Print Design Checklist

  • Understand how type, headline placement and use of colour can enhance or inhibit communication.
  • 12-point type is the minimum size for eyes that are middle-aged and older, although 13- or 14-point is even better.
  • Choose a plain, clear typeface with a reputation for readability.
  • Dark print on a light background is the easiest to read; avoid "dropped out" or "reverse" lettering—where text is white on a dark background.
  • Avoid using all italics, all capital letters and underlined type.
  • Set text flush left and ragged right.
  • Leave wide margins and space between paragraphs to avoid crowding text or cramming too much information on a page.
  • Choose a comfortable line length for the size of type—on 8½" x 11" paper, two columns are preferable.
  • Matte, non-glossy paper and ink improve legibility by reducing glare.
  • Use high-definition photographs or illustrations.
  • Avoid using wavy lines or dots, which can be hard on the eyes because they "swim" on the page.

Messages Are Everywhere

Finally, we must constantly remind ourselves that "communication" takes place at all levels, and that the question of senior-friendly "design" extends not only to traditional communication media but also to other elements in our environment. Consider, for example, what a municipality communicates to its older residents when the length of the light at a crosswalk requires pedestrians to sprint to the other side.
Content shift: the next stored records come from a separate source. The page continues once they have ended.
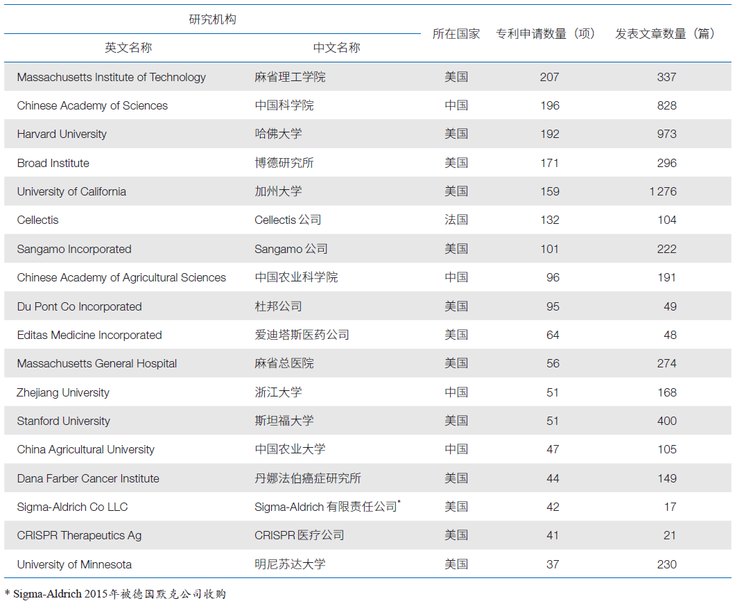 表 1 全球基因编辑领域专利申请数量前 20 位的机构及其发表文章数量
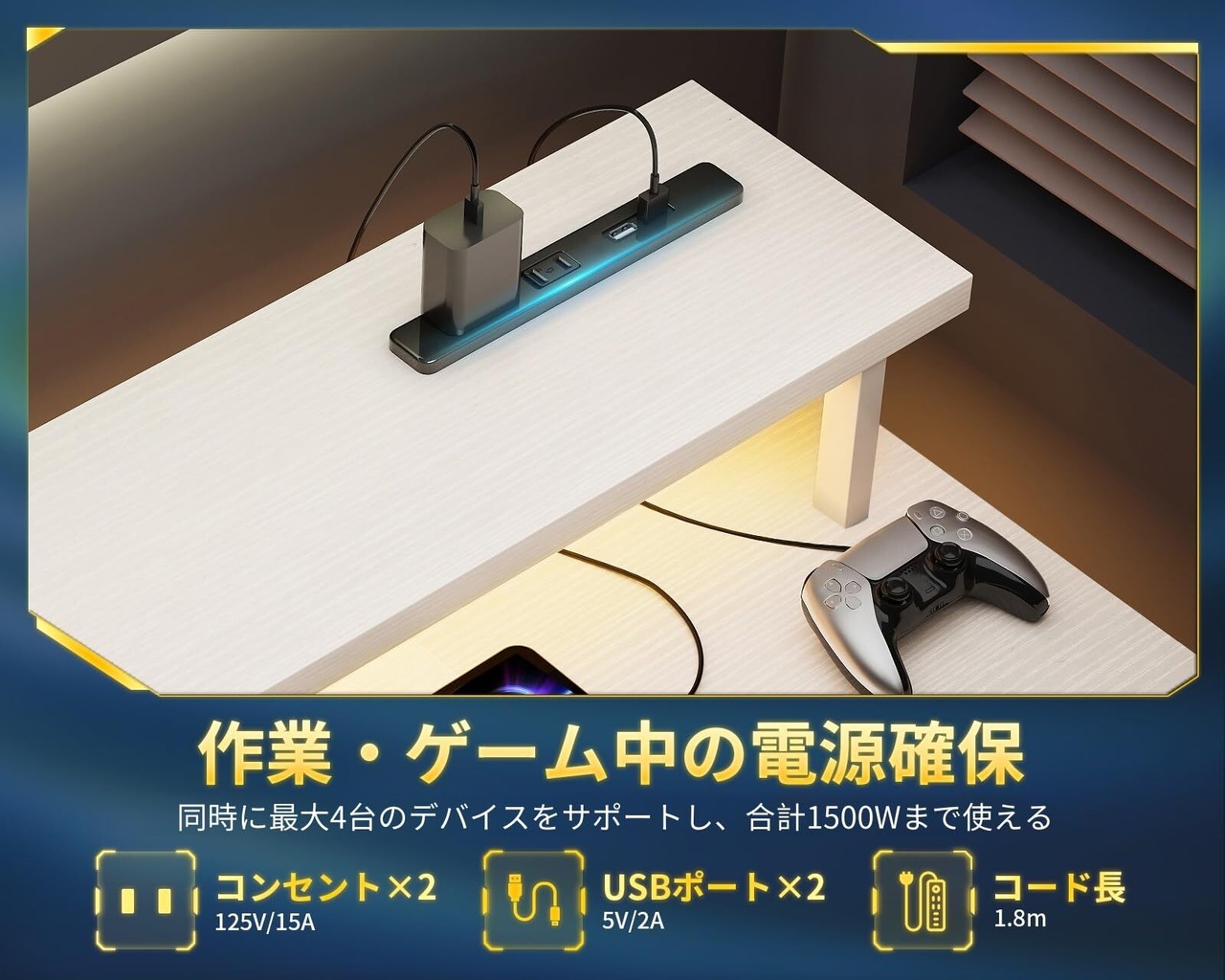 【コンセント付き、作業しながらの電源確保】デスクにはコンセント2口+USBポート2口が付いている。同時に最大4台のデバイスをサポートし、合計1500Wまで使える。手近なところで電源が取れ、スマホやタブレットなどの充電が便利になり、電池残量を気にせずに長時間の作業が可能。
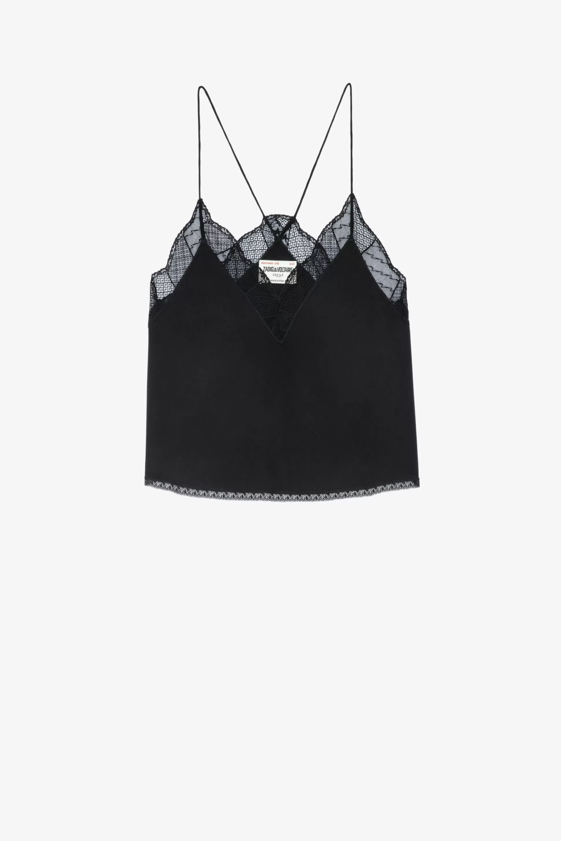 – Caraco Crop-Top En Soie Noire Femme Zadig&Voltaire
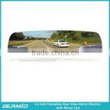 4.3 Inch Frameless Mirror Link Rear View Mirror Monitor With Two Video Inputs and Reversing Camera Display
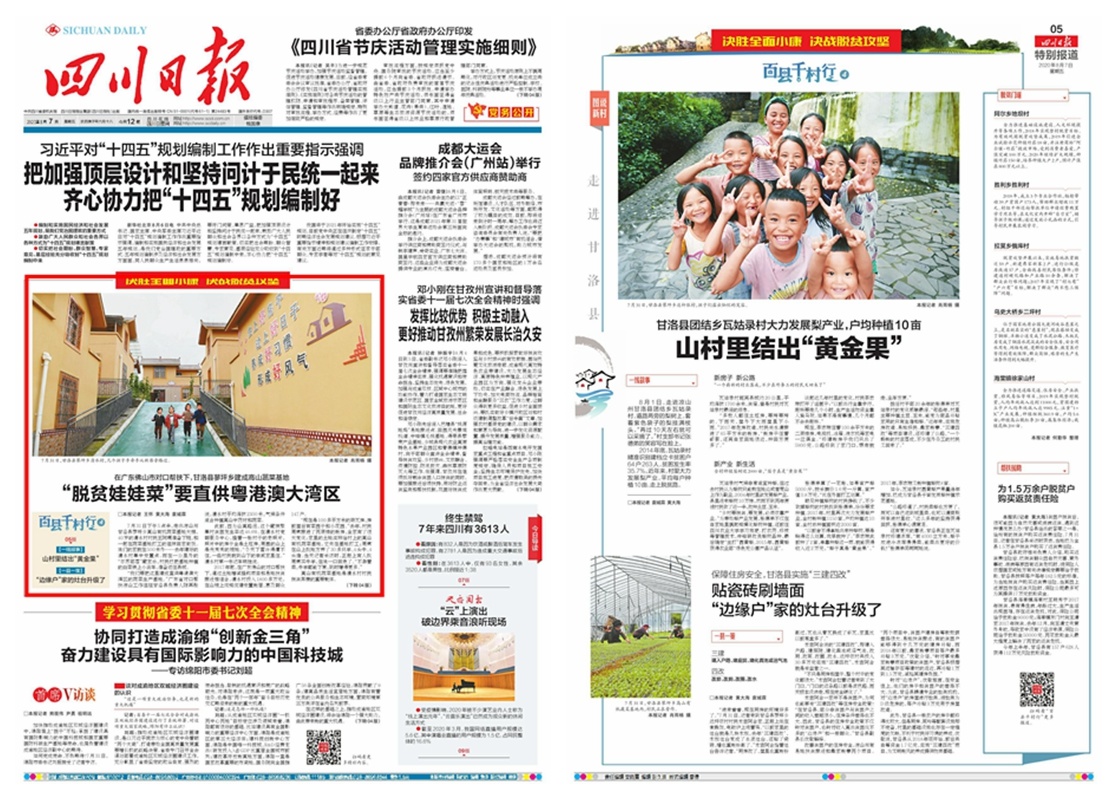 一版正中的大幅照片,是甘洛县蓼坪乡清水村的孩子们,手牵手从新居旁路过。五版特别报道版上最显眼的照片,也是摄影记者记录的孩子们的笑脸。

Or what a shopping mall says to its senior customers when benches are few and far between and restrooms are almost not accessible.

Businesses, services and other organizations that want to be known as senior-friendly should take a comprehensive look at everything they do from the perspective of their older clients and customers.

Are administrative style, staffing policies and programming goals compatible with senior-friendly service? Do training plans and incentive systems demonstrate the value attached to communicating effectively and serving a senior clientele well?

Are facilities conveniently located (close to public transportation) and designed for the safety and comfort of older users? Do entrances, floors, lighting, surfaces, acoustics, seating, signage and restroom location take into account the sensory and physical changes of aging and the needs of seniors? Readily available documentation on barrier-free design provides useful tips on building or retrofitting spaces and amenities.Footnote 42

The answers to these questions reflect the general attitude of our society toward seniors and reveal whether or not it is adapting to the new demographics of the Canadian population.